Hi Alexey @jlx_music , Thank you. I used a really long reverb on a couple of the percussion tracks hoping to give it a “far away” sound. Then the whole piece uses a Big String Reverb 2.4. I usually stay with a small Plate reverb.

You’re right about the WW reverb. The Spitfire Studio Strings are dry. These are some of the things I’m still working on. Trying to hear the difference in reverbs, compression and also loudness. I didn’t spend a lot of time metering the piece (sort of ran out of time) other than to make sure nothing was clipping and it sounded the way I was hearing it.

I used the high WWs not just because I play them :slightly_smiling_face: I wanted the high trills and whole tone scale to add to the confusion of trying to escape the pit of hell and work the tri-tone C#-G into the fairly simple g min melodic material & harmony.

Thank you for taking the time to go through this. All of this is very useful. I’m finding I’m hearing these things better than a year ago, but I still have a way to go.

All the best,

Fran

2 Likes

I really like the ominous feel to it. It feels as if one is running through a dangerous, creepy forest trying to avoid the goblins. But there is a bit of clipping throughout.

1 Like

Hi John @jphturtle Thanks. One of the things I’m working on now is loudness. I didn’t put anything on the Master except for reverb (that I’ve now turned down a little) until I got the parts where I wanted on the mixing board.

One of my issues is knowing what’s loud enough for digital, or any, playback. On the Master I put the Adaptive Limiter last before the Multimeter. The Out Ceiling is -1. I had the Gain up to 8. I think that was one of the issues. I’ve turned it down to 4.9. Should have spent more time with the meter.

Any Mastering tips are most welcome.

Best,

Fran

1 Like

I personally would not put reverb for mastering a song. I would not put to much reverb on the percussion. It sounds wooshy. I would use reverb on the bus channels, but only a bit to enhance the sound - you can not hear it. For mastering I use EQ and compression.
This is my opinion. But I like your song.

Greetings
Klaus Ferretti

1 Like

Thank you Klaus. I’m going to revisit the reverb. I’m beginning to hear the difference. It’s taking a while. :slightly_smiling_face:

Really good composition - a lot going on in the middle section and intro has fantastic mood.
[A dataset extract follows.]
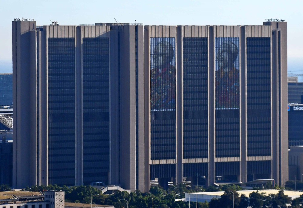 Images of Desmonf Tutu and Nelson Mandela on the Civic Centre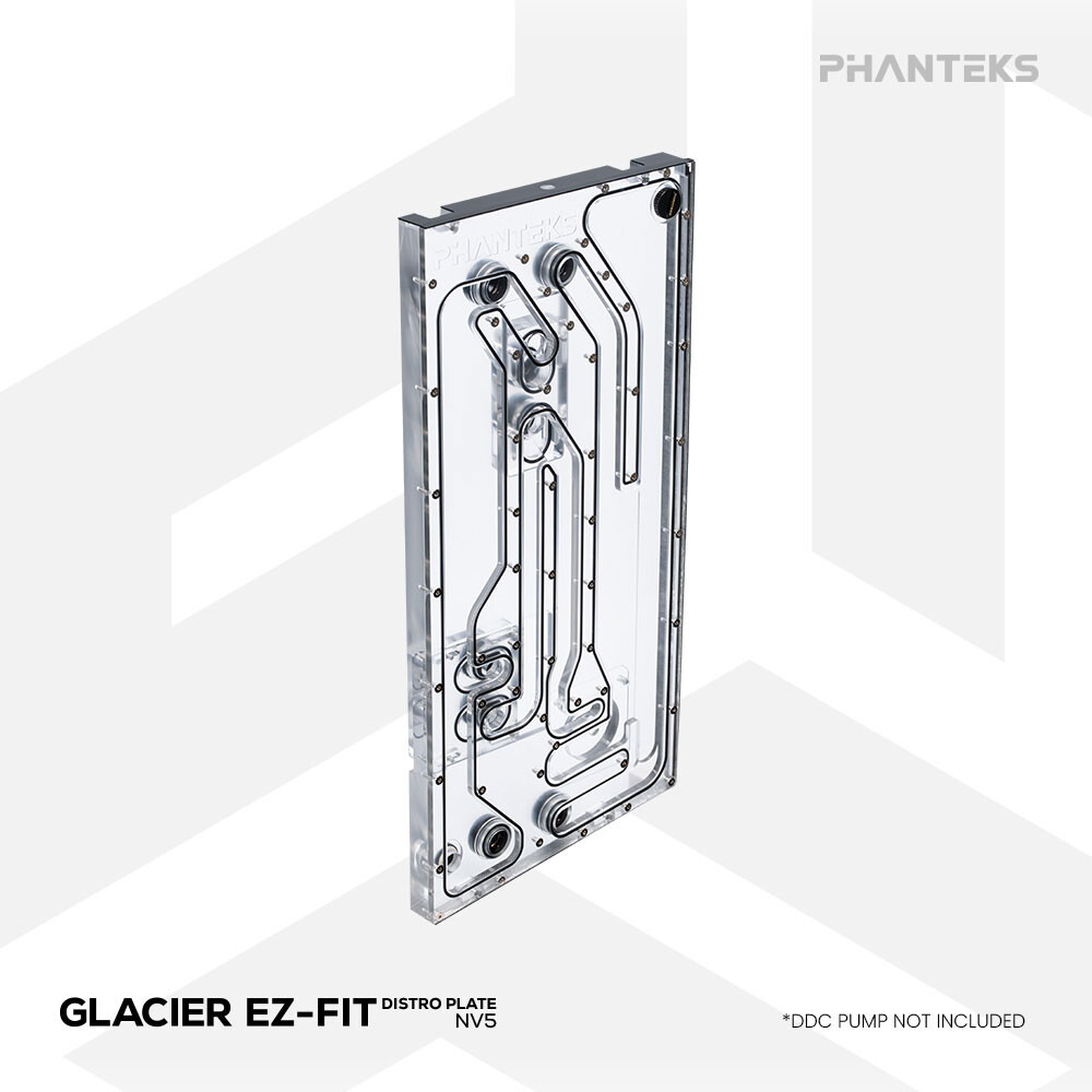 Headlining the EZ-Fit water cooling series expansion are the Glacier EZ-Fit distro plates, custom-designed for a perfect fit inside Phanteks' popular NV5 and NV7 chassis. These acrylic plates are designed to be the heart of a clean single/dual-radiator loop, with a mount for a DDC pump. To customise its looks, Phanteks added ARGB lighting that you can modify.

Definitely watch for clipping - you can alway put a limiter on things like your drum bus and stuff that has large quick transients just to control things and always try and gain stage tracks - keep an eye on things especially if you use analog modelling plugins as these can really make things hot - try to put no more than -18db input into them if you can as that is roughly equivalent to 0 on VU meter. you can’t input them hot in a digital domain like you can with analog hardware.

1 Like

i like your composition, but as the other said there is a too many reverb, it is not used to add more, some library has alreday reverb on their sound, just add a little to add some deep but not too much
good job on the two part of your composition it bring variation and different ambiance but stay in the dark

1 Like

Hi, Thanks Phil. I tried to make all of the adjustments in the mix and stay off the Master. I’ve revisited this one, cut back on the reverb and added a multipressor & adaptive limiter to the Master. I’ll go back and take a look at your suggestions. Still a lot to learn.